• [WHAT IS REQUIRED]
For this exercise, copy exactly every line from the one holding "BUALNEWS.COM — Pascasarjana" through the end of the data, both included. Omit pictures.

• [DATA FOR PROCESSING]
------------------------------

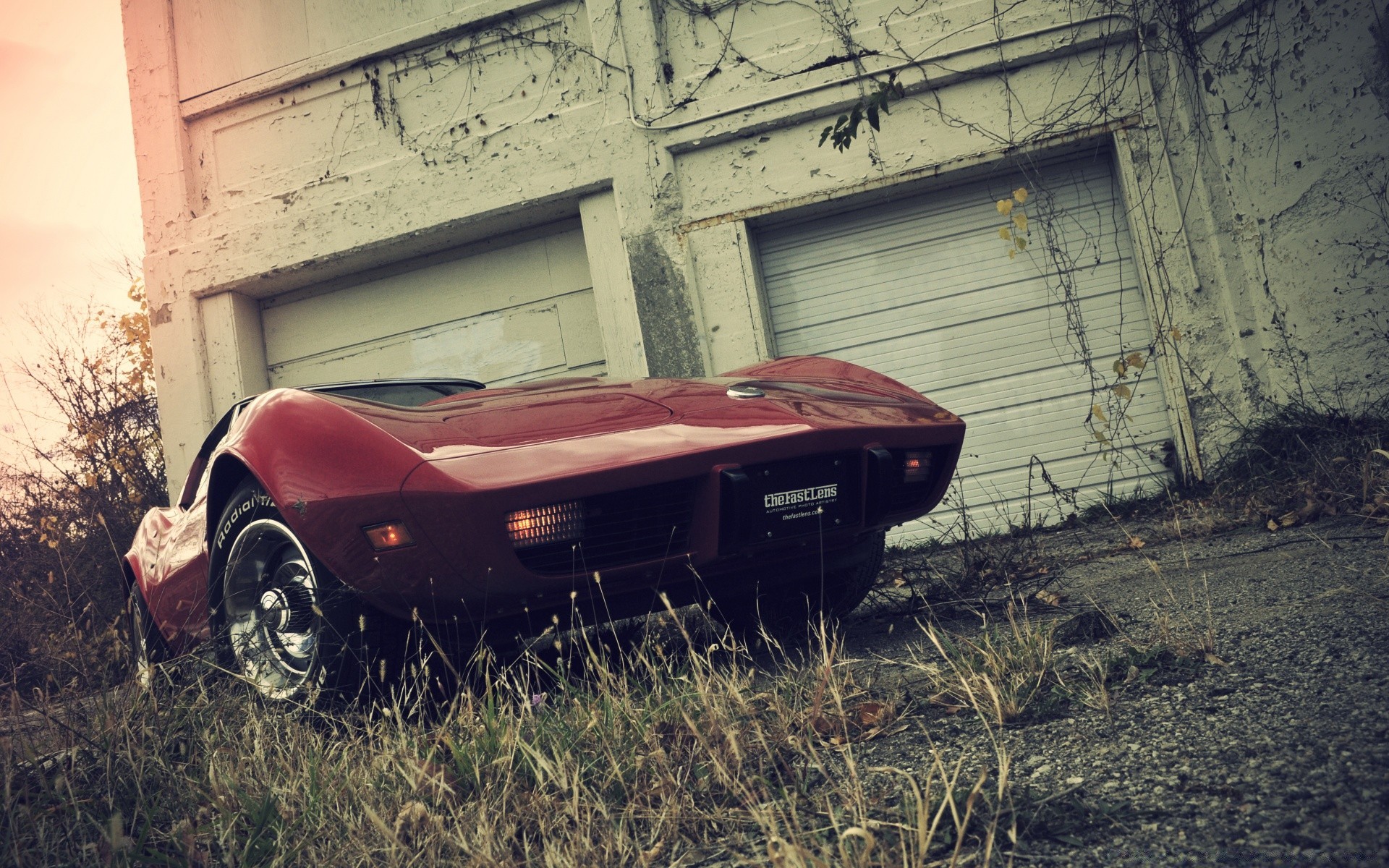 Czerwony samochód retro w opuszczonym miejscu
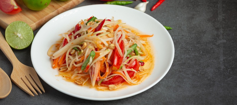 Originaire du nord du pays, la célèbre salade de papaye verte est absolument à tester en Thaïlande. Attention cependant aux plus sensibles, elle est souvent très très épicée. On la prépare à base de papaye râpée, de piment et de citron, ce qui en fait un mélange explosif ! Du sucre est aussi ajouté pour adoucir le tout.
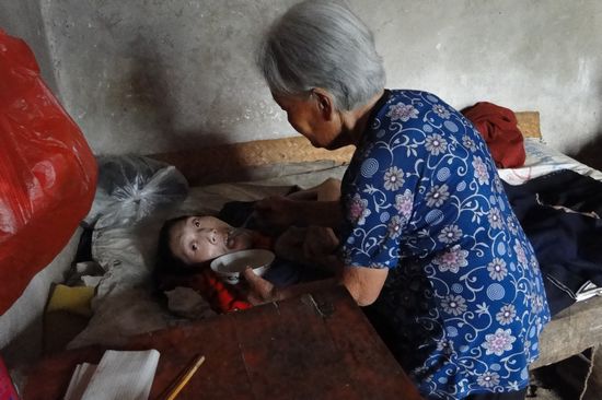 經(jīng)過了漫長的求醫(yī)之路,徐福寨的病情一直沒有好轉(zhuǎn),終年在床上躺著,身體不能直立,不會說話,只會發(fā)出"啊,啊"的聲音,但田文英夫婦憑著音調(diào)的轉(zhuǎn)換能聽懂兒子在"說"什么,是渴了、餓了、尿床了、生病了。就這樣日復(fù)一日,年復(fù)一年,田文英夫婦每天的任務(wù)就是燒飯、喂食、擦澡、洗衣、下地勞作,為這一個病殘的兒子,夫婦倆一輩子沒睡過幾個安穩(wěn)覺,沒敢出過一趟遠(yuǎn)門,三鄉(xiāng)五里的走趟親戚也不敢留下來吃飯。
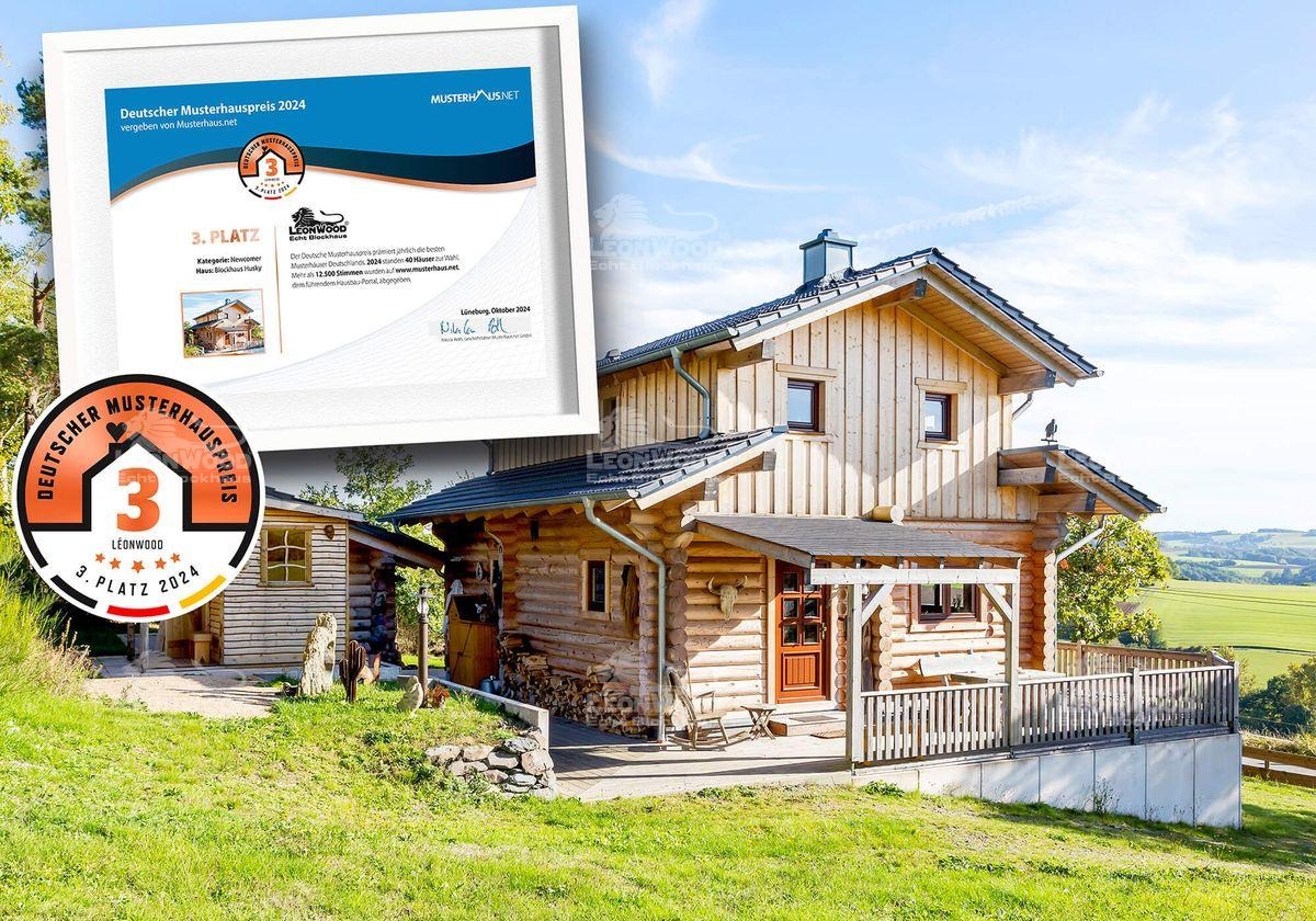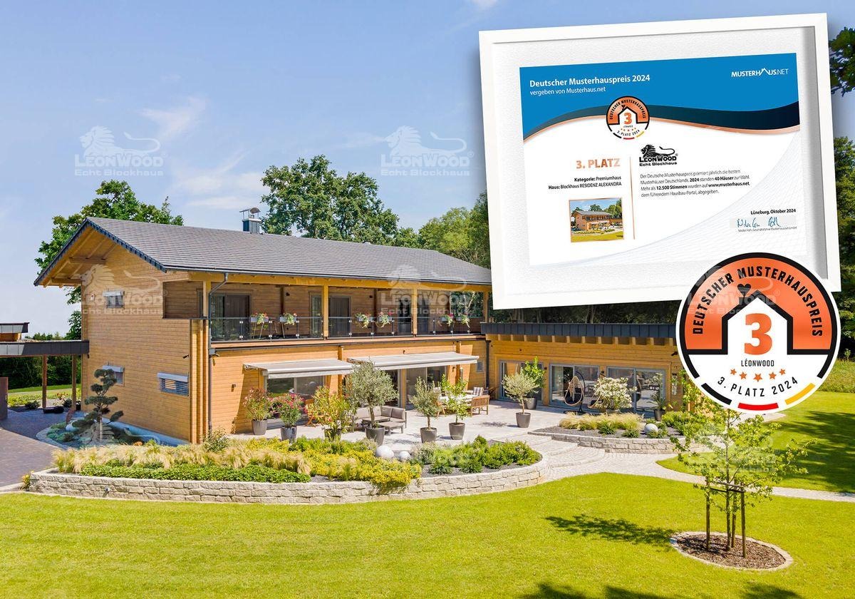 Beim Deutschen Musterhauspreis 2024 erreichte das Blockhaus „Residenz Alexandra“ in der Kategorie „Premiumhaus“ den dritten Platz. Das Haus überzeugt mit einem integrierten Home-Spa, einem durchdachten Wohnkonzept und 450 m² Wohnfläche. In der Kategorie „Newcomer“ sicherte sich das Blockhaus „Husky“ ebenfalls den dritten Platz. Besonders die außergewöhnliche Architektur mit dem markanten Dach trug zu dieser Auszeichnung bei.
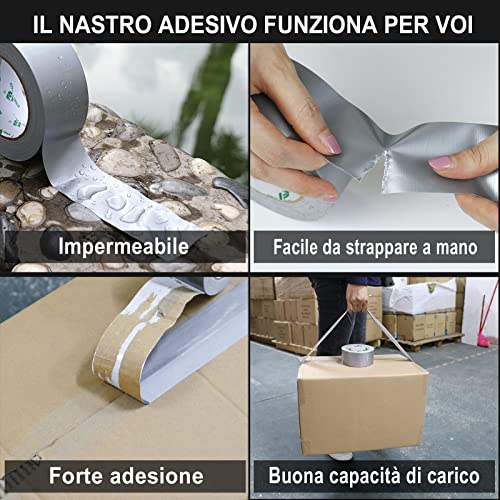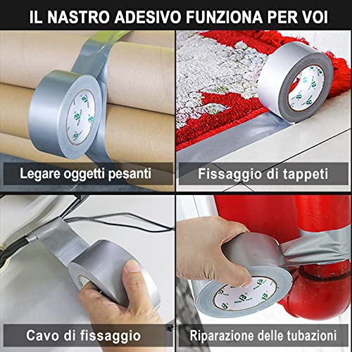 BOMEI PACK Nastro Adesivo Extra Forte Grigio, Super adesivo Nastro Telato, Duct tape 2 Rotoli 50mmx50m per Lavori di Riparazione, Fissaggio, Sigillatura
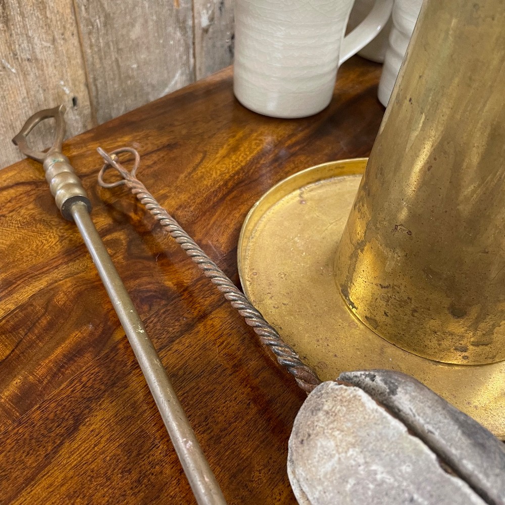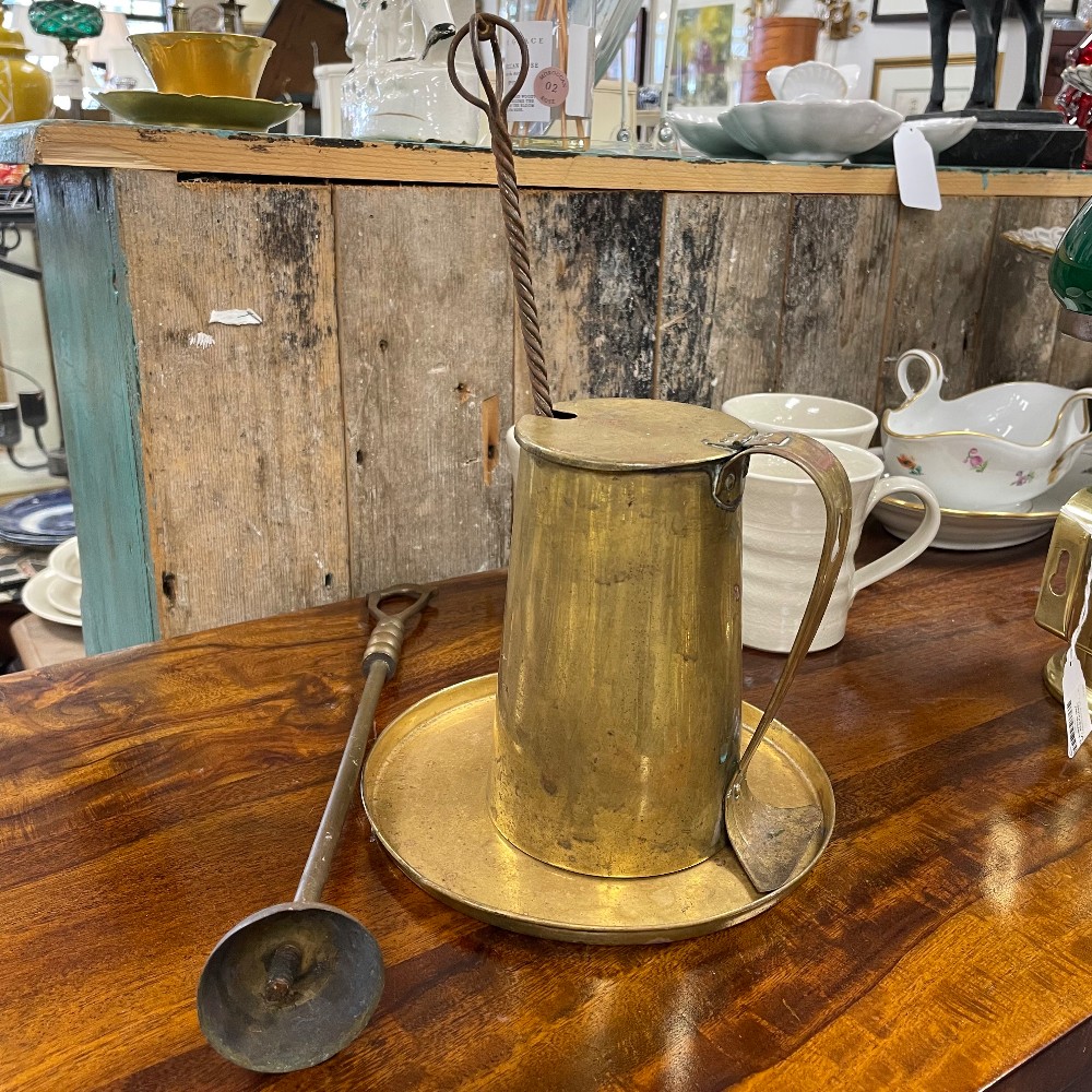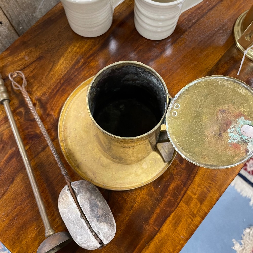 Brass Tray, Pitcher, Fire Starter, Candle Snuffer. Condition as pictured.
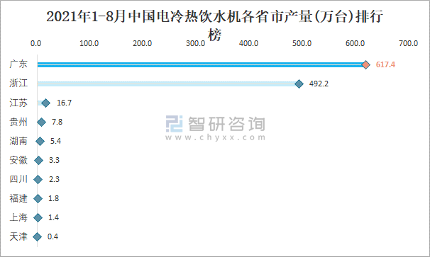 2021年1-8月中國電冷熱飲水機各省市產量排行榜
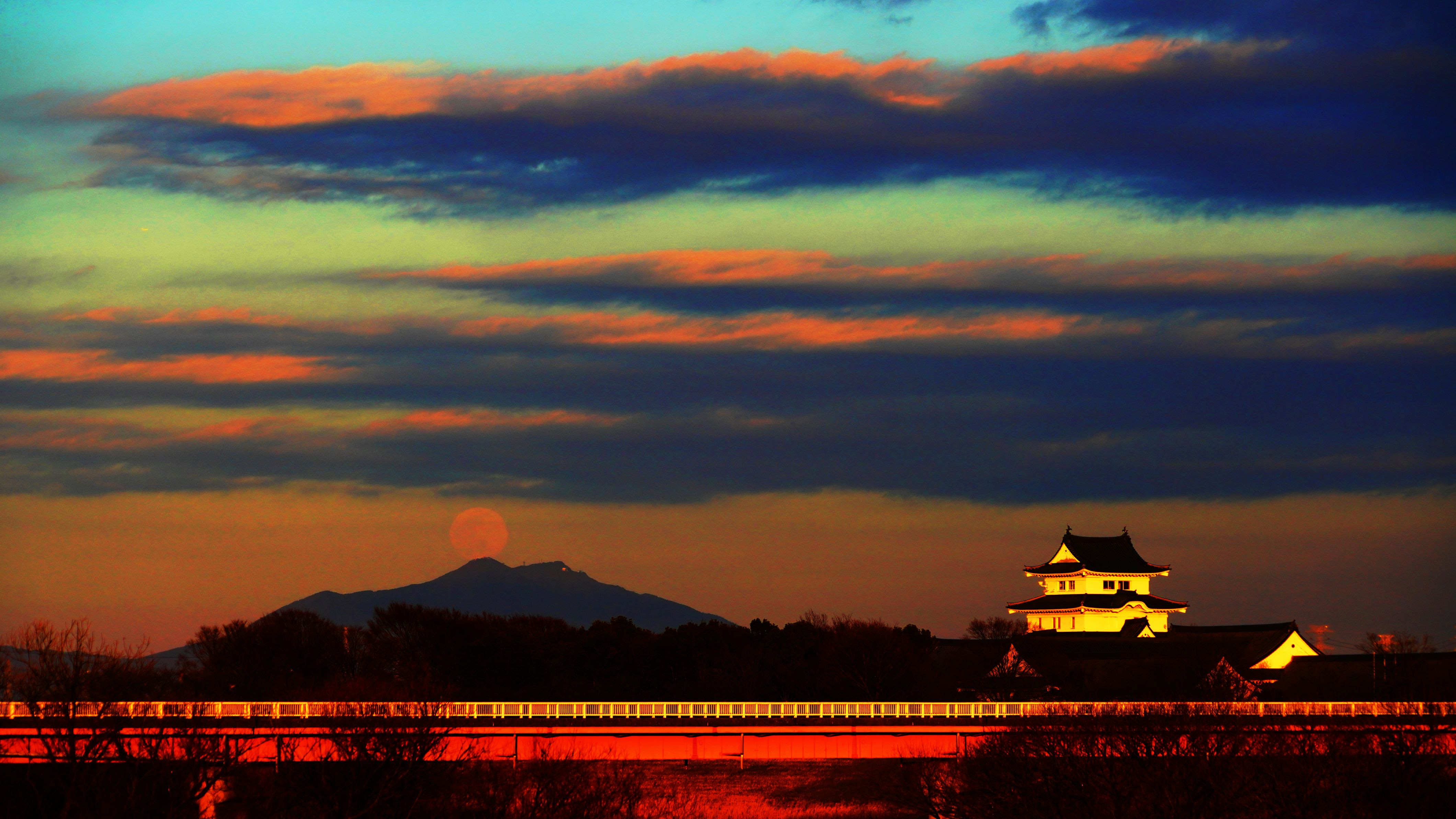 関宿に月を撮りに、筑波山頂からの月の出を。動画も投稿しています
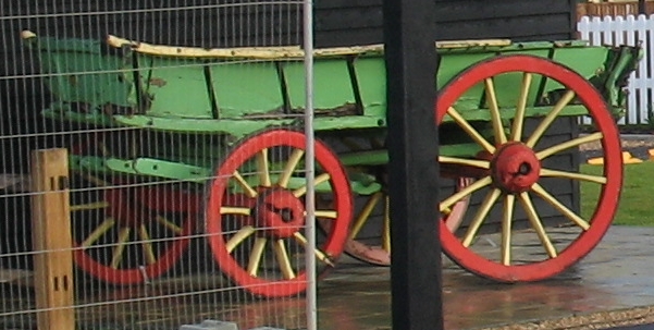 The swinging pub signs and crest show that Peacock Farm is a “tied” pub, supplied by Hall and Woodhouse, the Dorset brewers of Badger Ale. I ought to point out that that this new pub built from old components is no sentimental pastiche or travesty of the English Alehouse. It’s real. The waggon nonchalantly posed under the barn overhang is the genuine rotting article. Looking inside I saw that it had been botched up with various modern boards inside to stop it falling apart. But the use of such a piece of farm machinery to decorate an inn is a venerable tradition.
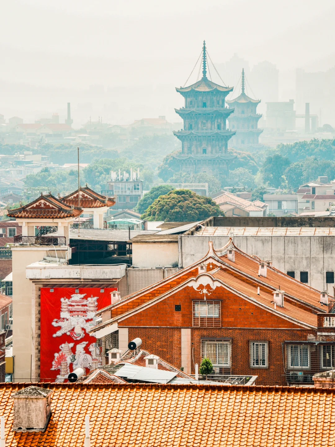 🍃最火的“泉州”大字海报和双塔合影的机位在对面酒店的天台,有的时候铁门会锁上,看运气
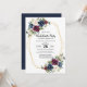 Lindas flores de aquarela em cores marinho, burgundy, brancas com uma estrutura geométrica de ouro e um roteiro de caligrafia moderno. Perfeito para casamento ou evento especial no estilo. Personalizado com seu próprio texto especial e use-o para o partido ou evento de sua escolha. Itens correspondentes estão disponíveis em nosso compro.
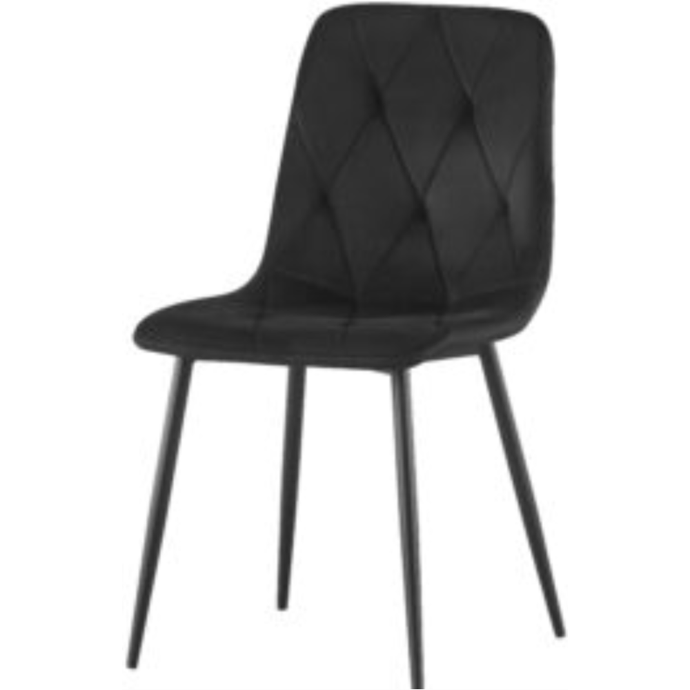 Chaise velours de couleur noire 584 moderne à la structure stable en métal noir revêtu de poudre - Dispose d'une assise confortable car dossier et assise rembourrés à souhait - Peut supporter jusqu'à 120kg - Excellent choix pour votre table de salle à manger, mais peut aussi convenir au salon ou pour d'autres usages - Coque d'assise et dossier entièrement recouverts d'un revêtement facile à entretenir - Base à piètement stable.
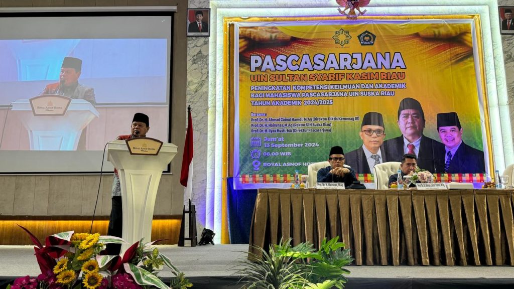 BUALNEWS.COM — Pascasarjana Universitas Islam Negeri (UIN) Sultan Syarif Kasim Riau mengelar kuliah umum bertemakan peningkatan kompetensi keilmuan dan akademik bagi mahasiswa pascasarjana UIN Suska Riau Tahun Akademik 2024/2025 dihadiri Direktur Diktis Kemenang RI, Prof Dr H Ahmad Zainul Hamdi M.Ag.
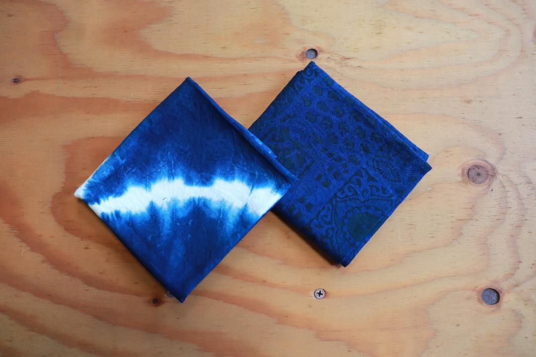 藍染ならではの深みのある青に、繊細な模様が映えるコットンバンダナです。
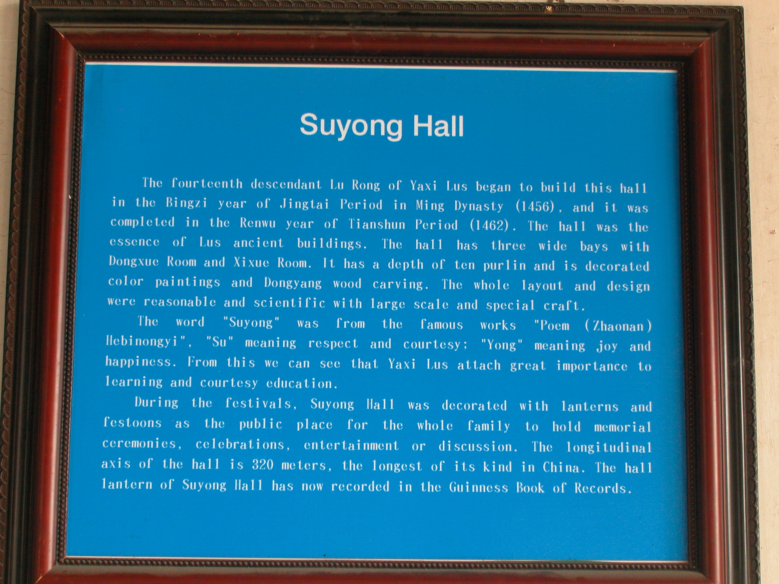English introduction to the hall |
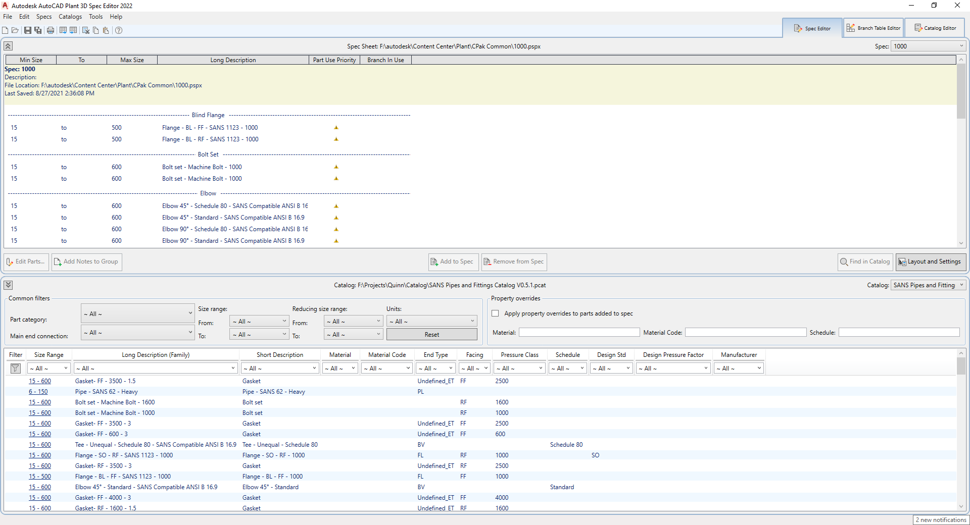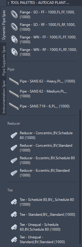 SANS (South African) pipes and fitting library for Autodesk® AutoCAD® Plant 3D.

------------------------------

• [ANSWER AREA]
 BUALNEWS.COM — Pascasarjana Universitas Islam Negeri (UIN) Sultan Syarif Kasim Riau mengelar kuliah umum bertemakan peningkatan kompetensi keilmuan dan akademik bagi mahasiswa pascasarjana UIN Suska Riau Tahun Akademik 2024/2025 dihadiri Direktur Diktis Kemenang RI, Prof Dr H Ahmad Zainul Hamdi M.Ag.
 藍染ならではの深みのある青に、繊細な模様が映えるコットンバンダナです。
English introduction to the hall |
 SANS (South African) pipes and fitting library for Autodesk® AutoCAD® Plant 3D.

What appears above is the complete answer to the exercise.